(Dataset records)
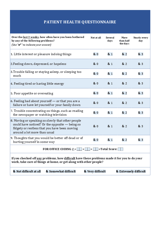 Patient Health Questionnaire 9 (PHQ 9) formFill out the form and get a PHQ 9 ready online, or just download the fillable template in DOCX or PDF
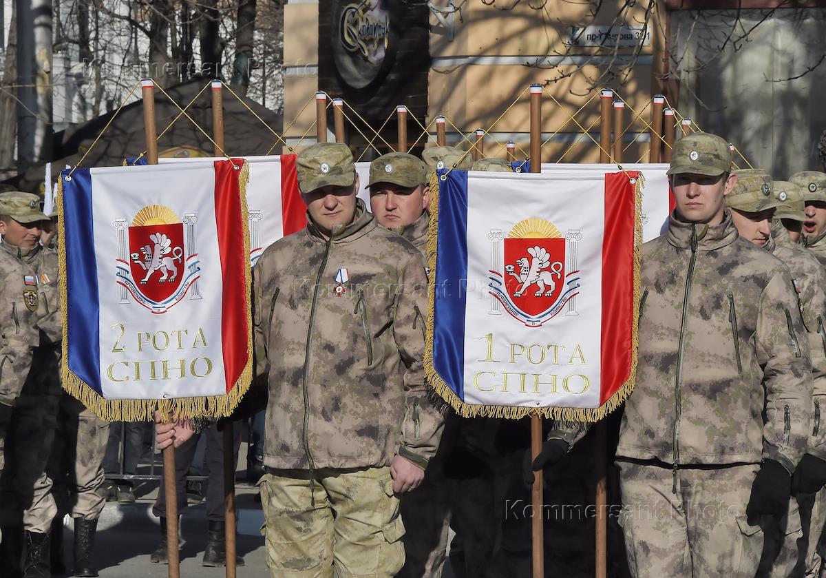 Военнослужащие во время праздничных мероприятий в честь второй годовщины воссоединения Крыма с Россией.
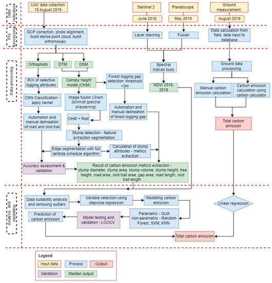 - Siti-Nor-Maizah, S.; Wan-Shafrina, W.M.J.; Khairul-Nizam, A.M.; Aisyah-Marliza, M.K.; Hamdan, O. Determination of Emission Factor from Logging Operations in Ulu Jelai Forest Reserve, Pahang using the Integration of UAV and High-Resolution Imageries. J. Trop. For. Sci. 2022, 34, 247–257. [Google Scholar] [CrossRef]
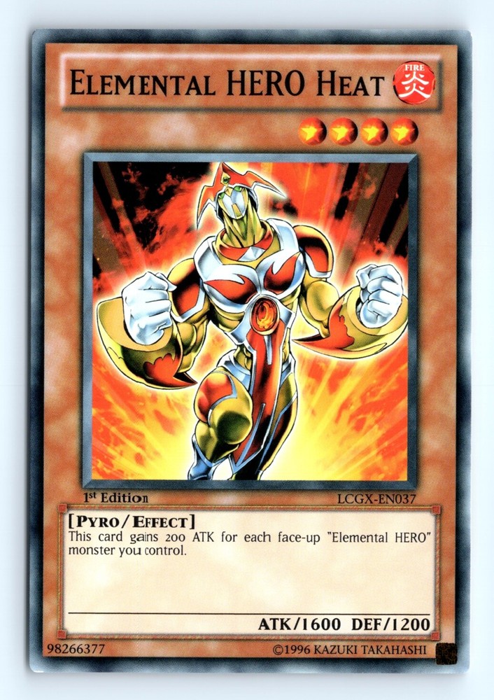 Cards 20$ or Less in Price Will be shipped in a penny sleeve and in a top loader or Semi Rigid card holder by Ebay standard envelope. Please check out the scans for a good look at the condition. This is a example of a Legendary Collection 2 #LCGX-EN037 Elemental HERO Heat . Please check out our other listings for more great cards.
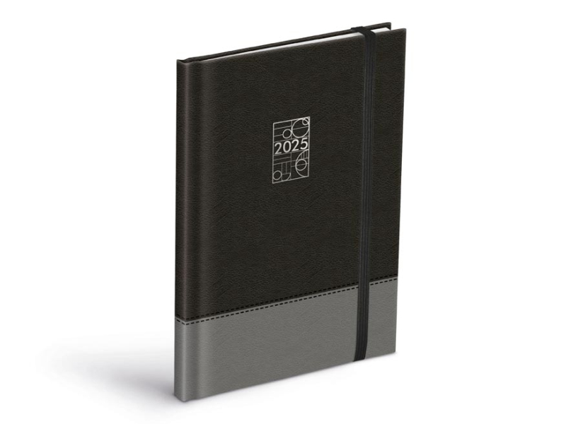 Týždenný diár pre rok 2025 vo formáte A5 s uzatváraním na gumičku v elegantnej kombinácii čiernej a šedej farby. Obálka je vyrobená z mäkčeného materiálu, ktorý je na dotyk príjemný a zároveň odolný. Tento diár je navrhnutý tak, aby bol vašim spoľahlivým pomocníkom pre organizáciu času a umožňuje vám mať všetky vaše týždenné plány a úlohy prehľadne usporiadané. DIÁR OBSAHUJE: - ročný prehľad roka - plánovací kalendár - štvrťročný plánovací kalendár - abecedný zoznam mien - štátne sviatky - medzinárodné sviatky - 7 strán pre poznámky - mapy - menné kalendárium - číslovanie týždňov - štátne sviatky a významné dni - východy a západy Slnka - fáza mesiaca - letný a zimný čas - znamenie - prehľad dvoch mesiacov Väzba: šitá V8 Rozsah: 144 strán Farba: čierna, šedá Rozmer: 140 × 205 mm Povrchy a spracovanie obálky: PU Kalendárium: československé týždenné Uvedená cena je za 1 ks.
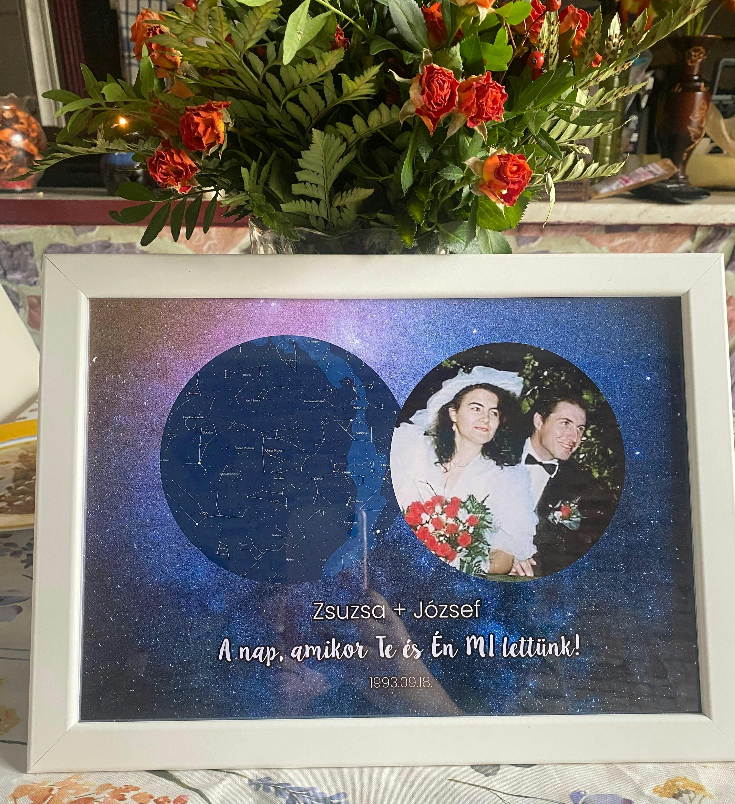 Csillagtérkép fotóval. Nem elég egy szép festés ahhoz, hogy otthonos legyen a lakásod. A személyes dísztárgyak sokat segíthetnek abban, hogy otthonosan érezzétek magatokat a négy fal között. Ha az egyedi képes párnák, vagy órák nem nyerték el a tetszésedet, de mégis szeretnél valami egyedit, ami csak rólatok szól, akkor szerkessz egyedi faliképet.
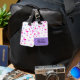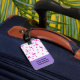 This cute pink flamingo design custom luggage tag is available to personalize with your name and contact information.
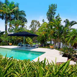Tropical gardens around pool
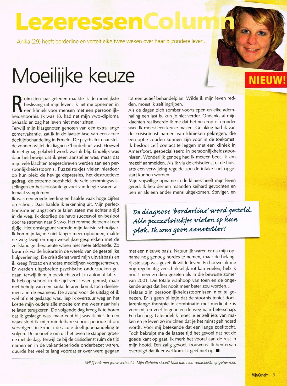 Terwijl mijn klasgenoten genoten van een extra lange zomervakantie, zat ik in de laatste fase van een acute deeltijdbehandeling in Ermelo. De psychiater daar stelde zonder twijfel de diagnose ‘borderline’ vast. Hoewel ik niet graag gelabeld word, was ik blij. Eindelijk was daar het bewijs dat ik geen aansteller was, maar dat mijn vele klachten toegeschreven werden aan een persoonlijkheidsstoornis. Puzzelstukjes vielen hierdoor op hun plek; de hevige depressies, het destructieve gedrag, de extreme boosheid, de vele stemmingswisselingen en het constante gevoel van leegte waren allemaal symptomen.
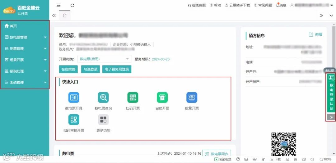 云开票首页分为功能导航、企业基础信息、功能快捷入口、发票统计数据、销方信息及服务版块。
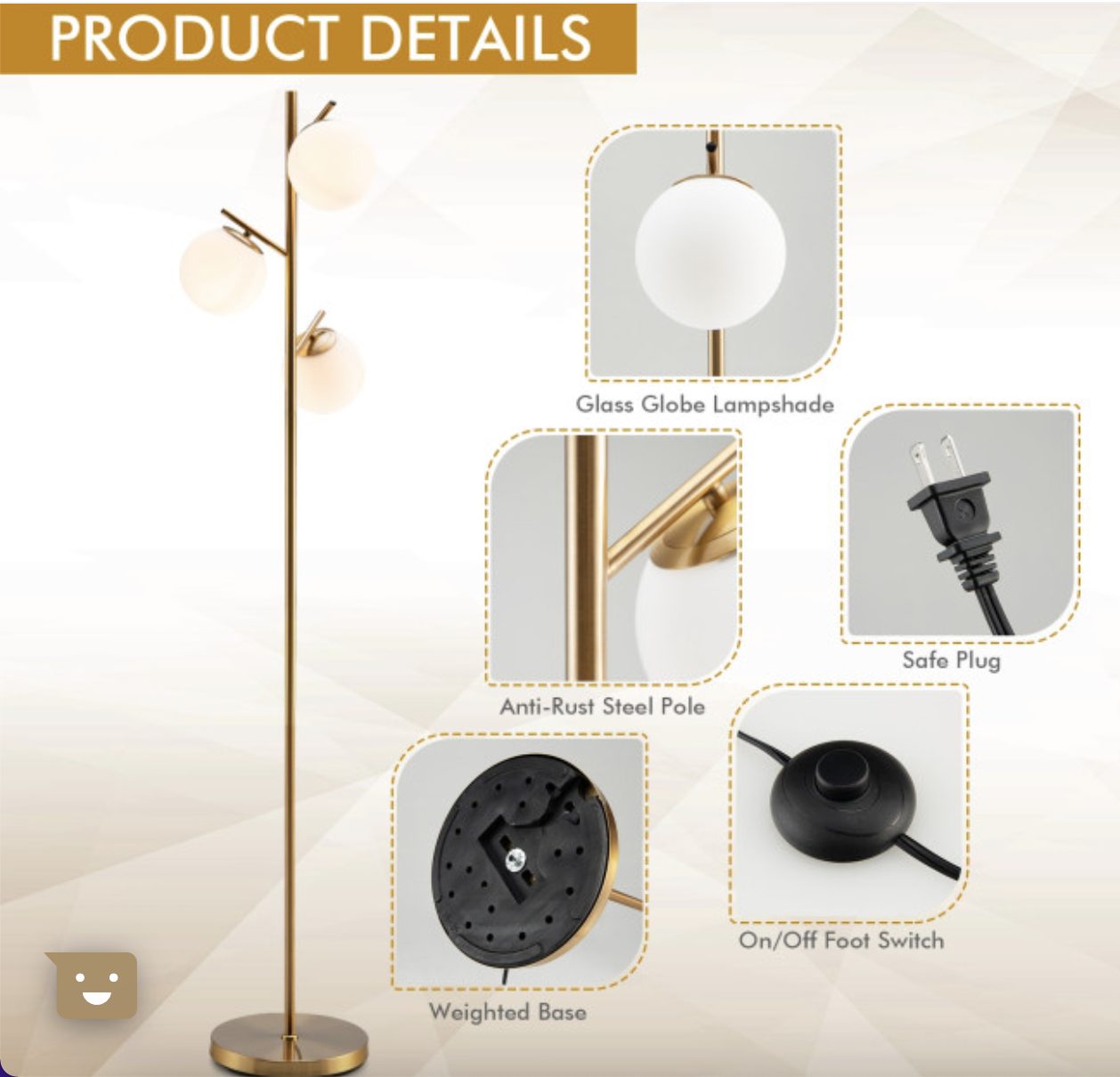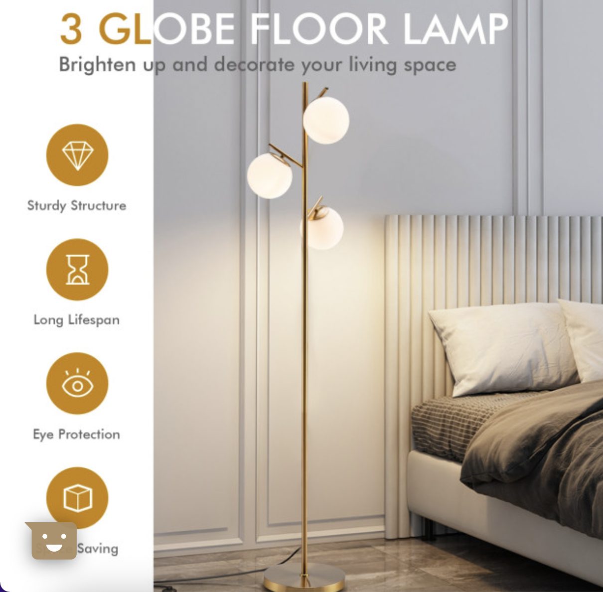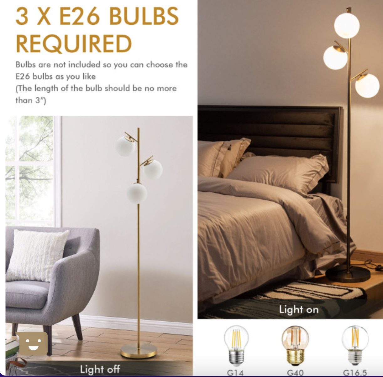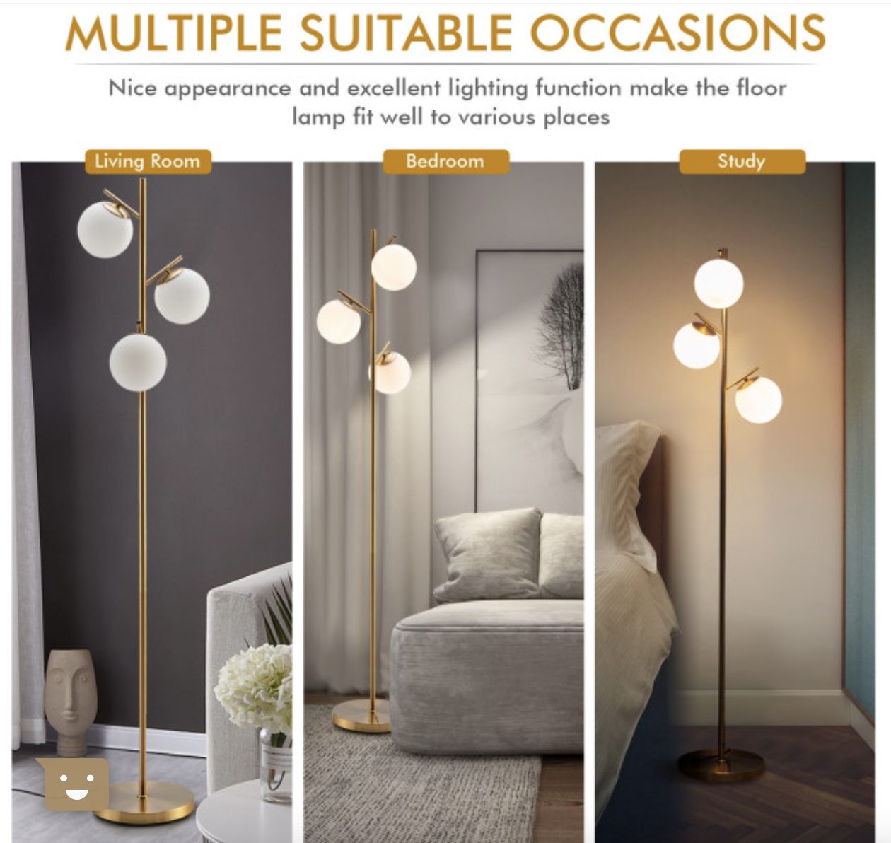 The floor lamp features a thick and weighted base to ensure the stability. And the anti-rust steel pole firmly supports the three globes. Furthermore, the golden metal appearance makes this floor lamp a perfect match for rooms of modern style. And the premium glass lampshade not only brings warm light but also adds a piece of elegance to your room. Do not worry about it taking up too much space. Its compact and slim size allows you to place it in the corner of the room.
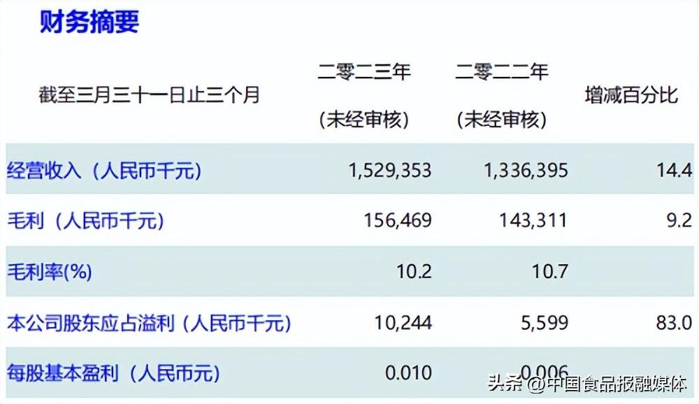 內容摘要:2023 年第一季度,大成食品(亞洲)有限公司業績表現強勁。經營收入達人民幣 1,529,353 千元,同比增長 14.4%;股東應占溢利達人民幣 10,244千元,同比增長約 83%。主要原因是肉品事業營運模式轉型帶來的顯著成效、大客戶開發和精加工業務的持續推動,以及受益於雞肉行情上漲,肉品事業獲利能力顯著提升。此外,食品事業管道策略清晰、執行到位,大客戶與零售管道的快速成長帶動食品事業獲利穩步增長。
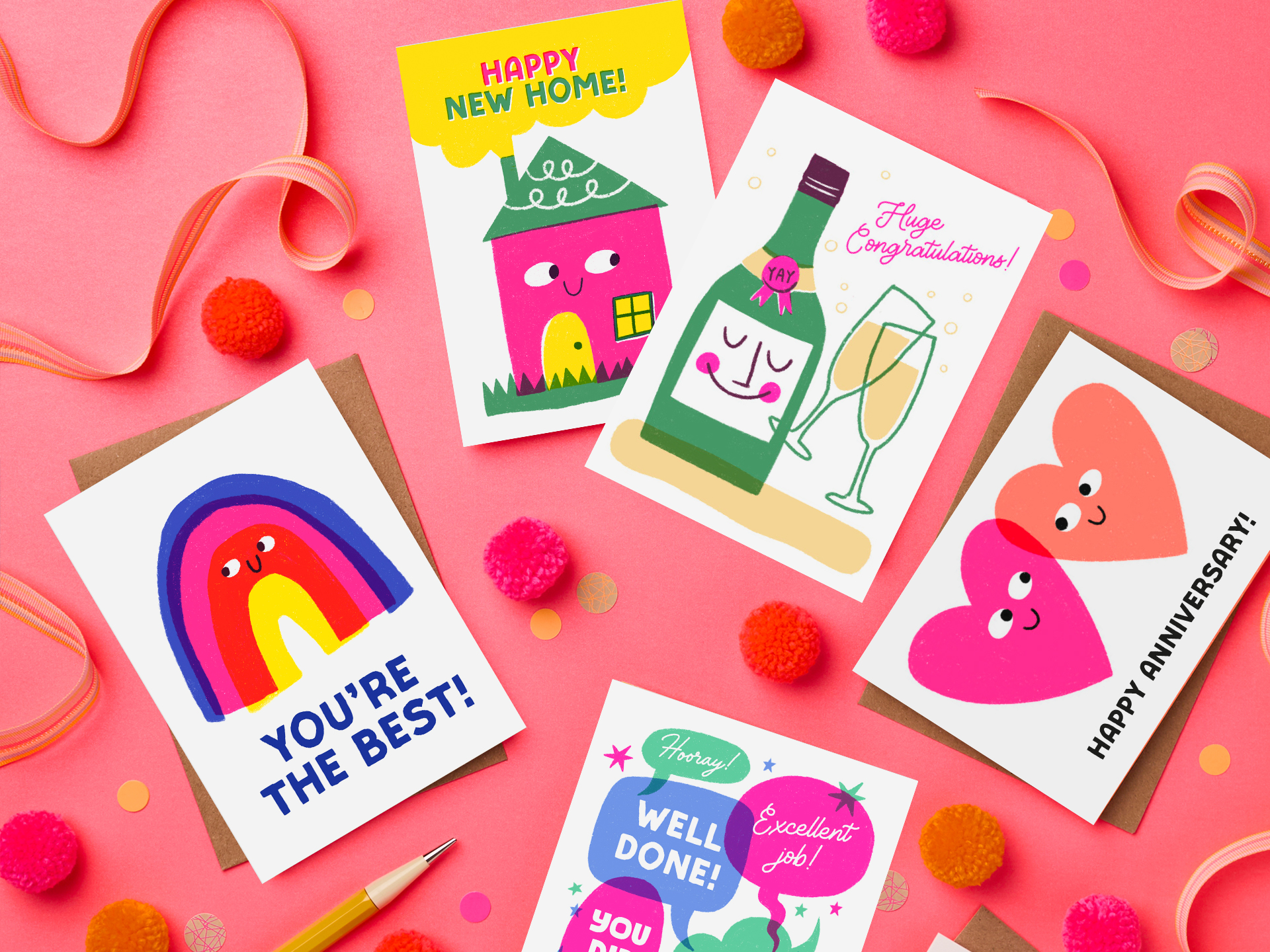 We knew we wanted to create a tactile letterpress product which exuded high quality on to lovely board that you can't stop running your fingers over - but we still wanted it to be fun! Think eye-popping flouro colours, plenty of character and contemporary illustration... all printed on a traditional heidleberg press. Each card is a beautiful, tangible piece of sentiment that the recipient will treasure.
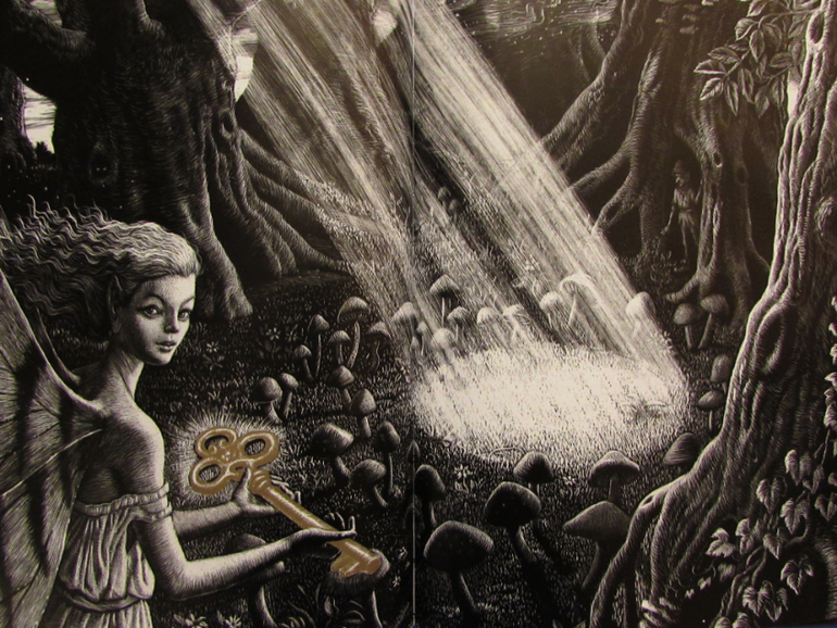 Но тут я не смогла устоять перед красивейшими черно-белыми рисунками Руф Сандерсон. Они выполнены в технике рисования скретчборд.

(Work to be completed) The answer must be an exact copy of the lines from the start of the records above through the line containing "Cards 20$ or", with no pictures in it.

(Exercise output)
 Patient Health Questionnaire 9 (PHQ 9) formFill out the form and get a PHQ 9 ready online, or just download the fillable template in DOCX or PDF
 Военнослужащие во время праздничных мероприятий в честь второй годовщины воссоединения Крыма с Россией.
 - Siti-Nor-Maizah, S.; Wan-Shafrina, W.M.J.; Khairul-Nizam, A.M.; Aisyah-Marliza, M.K.; Hamdan, O. Determination of Emission Factor from Logging Operations in Ulu Jelai Forest Reserve, Pahang using the Integration of UAV and High-Resolution Imageries. J. Trop. For. Sci. 2022, 34, 247–257. [Google Scholar] [CrossRef]
 Cards 20$ or Less in Price Will be shipped in a penny sleeve and in a top loader or Semi Rigid card holder by Ebay standard envelope. Please check out the scans for a good look at the condition. This is a example of a Legendary Collection 2 #LCGX-EN037 Elemental HERO Heat . Please check out our other listings for more great cards.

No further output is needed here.